Exercise goal: Starting with the line containing "Comprising a stamp" and going on through the line containing "Five spacious bedrooms", return the lines of the data below exactly, and only those.

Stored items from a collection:
----------------------------------------
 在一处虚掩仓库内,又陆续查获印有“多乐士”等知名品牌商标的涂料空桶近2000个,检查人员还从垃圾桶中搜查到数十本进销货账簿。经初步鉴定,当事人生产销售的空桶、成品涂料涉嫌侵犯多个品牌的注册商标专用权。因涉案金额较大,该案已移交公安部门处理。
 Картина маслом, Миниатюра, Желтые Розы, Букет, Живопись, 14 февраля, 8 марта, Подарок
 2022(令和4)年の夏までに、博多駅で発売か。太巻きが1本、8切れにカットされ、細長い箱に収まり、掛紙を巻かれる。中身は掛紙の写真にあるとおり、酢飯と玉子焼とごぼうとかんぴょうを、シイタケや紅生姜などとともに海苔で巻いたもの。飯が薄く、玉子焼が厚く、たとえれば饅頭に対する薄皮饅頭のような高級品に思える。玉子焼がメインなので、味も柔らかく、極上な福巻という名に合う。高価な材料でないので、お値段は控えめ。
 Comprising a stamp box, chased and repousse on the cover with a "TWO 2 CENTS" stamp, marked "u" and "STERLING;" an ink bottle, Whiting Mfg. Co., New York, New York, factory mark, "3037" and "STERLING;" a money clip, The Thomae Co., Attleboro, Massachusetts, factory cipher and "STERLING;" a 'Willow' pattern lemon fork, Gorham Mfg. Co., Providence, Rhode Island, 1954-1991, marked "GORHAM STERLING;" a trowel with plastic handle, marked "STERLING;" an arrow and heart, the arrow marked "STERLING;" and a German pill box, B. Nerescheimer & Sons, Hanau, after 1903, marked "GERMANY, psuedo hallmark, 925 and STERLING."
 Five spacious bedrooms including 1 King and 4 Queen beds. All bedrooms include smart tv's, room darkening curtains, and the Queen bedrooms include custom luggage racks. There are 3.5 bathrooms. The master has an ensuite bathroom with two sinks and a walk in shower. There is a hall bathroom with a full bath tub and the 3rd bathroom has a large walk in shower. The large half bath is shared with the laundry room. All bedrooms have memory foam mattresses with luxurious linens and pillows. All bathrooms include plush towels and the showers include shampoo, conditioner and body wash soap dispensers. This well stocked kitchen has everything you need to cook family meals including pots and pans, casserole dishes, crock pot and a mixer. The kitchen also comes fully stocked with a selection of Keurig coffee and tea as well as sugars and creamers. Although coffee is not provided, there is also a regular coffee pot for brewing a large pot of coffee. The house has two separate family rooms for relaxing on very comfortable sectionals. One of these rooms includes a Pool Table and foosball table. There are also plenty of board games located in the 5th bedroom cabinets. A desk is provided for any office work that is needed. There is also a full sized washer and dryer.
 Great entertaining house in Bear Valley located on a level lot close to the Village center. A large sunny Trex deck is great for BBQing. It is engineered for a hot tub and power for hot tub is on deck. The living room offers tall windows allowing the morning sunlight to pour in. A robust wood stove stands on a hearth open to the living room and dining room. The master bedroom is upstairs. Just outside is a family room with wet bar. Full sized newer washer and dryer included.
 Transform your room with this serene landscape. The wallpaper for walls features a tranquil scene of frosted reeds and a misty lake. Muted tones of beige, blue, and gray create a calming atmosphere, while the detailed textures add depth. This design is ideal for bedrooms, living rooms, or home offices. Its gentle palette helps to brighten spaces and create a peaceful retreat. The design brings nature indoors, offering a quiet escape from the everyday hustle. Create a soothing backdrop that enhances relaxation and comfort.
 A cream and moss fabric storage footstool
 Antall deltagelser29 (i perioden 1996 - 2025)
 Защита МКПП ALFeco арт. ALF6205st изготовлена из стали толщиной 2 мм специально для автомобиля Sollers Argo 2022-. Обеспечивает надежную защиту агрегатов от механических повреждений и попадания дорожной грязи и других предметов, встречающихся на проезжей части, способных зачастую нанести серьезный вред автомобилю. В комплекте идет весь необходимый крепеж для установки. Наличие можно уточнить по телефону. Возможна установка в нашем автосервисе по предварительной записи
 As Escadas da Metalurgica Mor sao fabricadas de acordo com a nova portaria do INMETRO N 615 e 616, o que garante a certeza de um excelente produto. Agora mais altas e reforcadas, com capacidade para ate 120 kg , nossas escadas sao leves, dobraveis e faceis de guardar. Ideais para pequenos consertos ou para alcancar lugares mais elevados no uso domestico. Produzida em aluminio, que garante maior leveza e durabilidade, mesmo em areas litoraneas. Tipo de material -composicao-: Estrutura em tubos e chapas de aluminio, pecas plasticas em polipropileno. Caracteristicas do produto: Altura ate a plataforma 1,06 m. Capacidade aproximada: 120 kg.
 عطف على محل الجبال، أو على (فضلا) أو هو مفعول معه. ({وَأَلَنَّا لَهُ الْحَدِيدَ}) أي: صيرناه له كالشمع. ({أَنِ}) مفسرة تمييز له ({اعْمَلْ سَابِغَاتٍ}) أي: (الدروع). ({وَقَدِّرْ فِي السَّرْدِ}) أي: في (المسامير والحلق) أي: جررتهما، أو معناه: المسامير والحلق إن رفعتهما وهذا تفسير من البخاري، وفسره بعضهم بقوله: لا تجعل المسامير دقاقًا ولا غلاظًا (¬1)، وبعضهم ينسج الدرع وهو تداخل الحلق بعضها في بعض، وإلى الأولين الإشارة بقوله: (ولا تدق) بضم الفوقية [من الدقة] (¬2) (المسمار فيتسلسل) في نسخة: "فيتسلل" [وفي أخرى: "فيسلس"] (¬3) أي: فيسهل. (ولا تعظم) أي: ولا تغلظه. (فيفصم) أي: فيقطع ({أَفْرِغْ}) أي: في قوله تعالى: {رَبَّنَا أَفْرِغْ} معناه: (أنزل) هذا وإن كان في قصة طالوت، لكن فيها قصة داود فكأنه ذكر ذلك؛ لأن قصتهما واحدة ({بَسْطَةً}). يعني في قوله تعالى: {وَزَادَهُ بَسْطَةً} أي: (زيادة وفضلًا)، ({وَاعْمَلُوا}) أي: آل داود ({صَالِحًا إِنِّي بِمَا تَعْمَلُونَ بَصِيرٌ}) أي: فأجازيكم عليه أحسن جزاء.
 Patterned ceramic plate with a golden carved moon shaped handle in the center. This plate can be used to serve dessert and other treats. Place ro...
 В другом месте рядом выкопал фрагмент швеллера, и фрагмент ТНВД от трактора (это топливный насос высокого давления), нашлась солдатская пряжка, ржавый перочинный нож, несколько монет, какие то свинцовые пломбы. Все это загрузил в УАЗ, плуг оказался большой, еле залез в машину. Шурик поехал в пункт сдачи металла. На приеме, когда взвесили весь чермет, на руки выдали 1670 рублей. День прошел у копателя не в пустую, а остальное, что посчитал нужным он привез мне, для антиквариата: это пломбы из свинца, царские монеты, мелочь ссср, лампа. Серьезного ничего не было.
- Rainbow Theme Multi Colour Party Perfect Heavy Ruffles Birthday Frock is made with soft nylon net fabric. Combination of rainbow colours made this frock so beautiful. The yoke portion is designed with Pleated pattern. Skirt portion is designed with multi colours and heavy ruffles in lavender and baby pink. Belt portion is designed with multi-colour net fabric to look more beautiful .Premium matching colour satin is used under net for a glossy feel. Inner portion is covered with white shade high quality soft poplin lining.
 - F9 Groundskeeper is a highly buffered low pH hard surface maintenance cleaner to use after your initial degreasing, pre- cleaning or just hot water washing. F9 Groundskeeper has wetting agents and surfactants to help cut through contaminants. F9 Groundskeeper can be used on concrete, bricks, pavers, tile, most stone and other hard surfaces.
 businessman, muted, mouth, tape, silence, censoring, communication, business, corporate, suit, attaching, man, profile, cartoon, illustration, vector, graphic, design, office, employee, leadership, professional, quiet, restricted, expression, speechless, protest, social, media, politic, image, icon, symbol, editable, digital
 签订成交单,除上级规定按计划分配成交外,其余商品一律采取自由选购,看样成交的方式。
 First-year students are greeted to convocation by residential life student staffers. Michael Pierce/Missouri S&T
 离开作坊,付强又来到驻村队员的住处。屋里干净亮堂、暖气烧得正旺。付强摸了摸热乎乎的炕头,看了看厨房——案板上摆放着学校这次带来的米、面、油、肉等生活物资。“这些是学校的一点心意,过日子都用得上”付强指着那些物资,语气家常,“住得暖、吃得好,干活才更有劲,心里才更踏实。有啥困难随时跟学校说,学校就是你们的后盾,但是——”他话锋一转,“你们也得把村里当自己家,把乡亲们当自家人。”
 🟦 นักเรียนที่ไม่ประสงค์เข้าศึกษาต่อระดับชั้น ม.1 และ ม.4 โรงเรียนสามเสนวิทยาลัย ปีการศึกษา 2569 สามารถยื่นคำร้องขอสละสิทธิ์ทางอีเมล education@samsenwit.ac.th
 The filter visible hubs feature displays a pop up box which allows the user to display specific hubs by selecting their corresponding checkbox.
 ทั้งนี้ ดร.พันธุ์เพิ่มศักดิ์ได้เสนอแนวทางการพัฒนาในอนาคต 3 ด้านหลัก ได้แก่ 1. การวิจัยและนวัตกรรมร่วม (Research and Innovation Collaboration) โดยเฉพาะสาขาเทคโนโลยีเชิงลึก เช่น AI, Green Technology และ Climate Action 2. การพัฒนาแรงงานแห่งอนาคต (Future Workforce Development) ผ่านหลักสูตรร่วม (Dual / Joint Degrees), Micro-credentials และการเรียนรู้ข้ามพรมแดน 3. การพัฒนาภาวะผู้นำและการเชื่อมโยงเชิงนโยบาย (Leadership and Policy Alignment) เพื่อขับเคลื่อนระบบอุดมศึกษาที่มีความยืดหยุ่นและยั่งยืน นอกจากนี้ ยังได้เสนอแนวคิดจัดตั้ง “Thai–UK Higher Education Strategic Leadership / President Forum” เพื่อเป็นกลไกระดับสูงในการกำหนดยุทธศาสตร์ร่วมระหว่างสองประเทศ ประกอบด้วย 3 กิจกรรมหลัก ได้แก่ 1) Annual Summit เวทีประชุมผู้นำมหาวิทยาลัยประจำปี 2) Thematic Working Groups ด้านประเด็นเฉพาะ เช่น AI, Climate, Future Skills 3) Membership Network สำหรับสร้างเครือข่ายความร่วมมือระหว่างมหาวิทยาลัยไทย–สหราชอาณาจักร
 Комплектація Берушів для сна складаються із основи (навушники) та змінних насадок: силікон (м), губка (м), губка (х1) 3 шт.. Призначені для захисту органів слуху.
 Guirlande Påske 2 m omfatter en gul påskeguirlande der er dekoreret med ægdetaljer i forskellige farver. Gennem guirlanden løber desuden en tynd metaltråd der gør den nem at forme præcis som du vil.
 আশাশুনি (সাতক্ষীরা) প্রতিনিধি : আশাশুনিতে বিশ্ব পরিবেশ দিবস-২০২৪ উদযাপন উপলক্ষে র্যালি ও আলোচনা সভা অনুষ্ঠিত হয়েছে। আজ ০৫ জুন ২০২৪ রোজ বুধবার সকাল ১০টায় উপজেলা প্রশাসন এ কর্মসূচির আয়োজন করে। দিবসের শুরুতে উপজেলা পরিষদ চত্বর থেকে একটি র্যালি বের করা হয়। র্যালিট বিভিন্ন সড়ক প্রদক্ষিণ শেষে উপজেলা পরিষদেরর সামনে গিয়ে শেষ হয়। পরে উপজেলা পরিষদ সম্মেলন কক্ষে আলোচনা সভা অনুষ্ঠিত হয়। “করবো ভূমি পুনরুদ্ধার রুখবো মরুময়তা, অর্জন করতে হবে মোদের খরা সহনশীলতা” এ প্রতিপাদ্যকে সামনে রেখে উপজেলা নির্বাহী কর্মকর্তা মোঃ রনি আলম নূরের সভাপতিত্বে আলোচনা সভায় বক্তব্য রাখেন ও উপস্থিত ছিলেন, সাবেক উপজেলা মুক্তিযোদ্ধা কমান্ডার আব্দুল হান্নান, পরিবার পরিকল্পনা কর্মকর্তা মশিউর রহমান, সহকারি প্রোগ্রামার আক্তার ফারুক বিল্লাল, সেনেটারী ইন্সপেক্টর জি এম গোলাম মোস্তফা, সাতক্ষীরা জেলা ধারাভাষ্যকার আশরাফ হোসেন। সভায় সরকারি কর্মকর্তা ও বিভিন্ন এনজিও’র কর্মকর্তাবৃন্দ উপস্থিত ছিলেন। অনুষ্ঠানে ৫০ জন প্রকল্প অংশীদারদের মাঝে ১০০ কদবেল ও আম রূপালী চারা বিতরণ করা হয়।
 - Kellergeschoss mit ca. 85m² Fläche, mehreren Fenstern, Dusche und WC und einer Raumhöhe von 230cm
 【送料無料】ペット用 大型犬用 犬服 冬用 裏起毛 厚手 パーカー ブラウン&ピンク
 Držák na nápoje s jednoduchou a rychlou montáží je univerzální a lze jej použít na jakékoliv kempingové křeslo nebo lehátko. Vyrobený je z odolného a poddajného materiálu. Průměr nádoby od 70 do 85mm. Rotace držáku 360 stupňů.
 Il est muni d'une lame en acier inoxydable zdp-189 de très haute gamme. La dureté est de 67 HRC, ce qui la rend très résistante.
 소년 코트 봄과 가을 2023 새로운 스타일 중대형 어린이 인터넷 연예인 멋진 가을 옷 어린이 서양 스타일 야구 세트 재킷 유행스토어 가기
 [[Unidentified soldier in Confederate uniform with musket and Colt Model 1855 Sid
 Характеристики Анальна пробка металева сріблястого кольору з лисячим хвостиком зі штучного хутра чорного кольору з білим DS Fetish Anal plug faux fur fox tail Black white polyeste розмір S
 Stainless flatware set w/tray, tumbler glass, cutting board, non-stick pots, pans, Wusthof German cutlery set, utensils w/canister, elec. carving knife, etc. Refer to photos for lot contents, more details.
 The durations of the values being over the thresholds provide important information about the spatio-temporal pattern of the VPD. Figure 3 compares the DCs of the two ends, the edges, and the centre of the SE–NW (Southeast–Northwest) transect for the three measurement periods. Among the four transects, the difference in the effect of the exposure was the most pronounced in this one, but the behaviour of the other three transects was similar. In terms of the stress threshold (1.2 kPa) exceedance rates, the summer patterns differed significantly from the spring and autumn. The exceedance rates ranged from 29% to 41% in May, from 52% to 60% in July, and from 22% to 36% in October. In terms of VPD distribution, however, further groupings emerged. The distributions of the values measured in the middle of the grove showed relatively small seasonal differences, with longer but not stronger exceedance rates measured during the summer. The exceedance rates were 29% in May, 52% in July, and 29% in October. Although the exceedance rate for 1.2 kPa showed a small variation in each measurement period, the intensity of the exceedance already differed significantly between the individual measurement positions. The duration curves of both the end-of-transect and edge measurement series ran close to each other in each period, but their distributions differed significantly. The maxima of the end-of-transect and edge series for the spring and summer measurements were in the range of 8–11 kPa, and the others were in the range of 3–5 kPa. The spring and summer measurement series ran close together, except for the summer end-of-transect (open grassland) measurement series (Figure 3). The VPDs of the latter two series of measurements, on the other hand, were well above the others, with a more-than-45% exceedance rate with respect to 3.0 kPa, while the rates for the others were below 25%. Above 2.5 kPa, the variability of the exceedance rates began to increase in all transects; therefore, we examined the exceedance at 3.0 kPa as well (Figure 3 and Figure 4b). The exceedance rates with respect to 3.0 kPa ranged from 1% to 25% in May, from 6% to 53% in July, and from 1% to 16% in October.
----------------------------------------
Solution to the exercise:
 Comprising a stamp box, chased and repousse on the cover with a "TWO 2 CENTS" stamp, marked "u" and "STERLING;" an ink bottle, Whiting Mfg. Co., New York, New York, factory mark, "3037" and "STERLING;" a money clip, The Thomae Co., Attleboro, Massachusetts, factory cipher and "STERLING;" a 'Willow' pattern lemon fork, Gorham Mfg. Co., Providence, Rhode Island, 1954-1991, marked "GORHAM STERLING;" a trowel with plastic handle, marked "STERLING;" an arrow and heart, the arrow marked "STERLING;" and a German pill box, B. Nerescheimer & Sons, Hanau, after 1903, marked "GERMANY, psuedo hallmark, 925 and STERLING."
 Five spacious bedrooms including 1 King and 4 Queen beds. All bedrooms include smart tv's, room darkening curtains, and the Queen bedrooms include custom luggage racks. There are 3.5 bathrooms. The master has an ensuite bathroom with two sinks and a walk in shower. There is a hall bathroom with a full bath tub and the 3rd bathroom has a large walk in shower. The large half bath is shared with the laundry room. All bedrooms have memory foam mattresses with luxurious linens and pillows. All bathrooms include plush towels and the showers include shampoo, conditioner and body wash soap dispensers. This well stocked kitchen has everything you need to cook family meals including pots and pans, casserole dishes, crock pot and a mixer. The kitchen also comes fully stocked with a selection of Keurig coffee and tea as well as sugars and creamers. Although coffee is not provided, there is also a regular coffee pot for brewing a large pot of coffee. The house has two separate family rooms for relaxing on very comfortable sectionals. One of these rooms includes a Pool Table and foosball table. There are also plenty of board games located in the 5th bedroom cabinets. A desk is provided for any office work that is needed. There is also a full sized washer and dryer.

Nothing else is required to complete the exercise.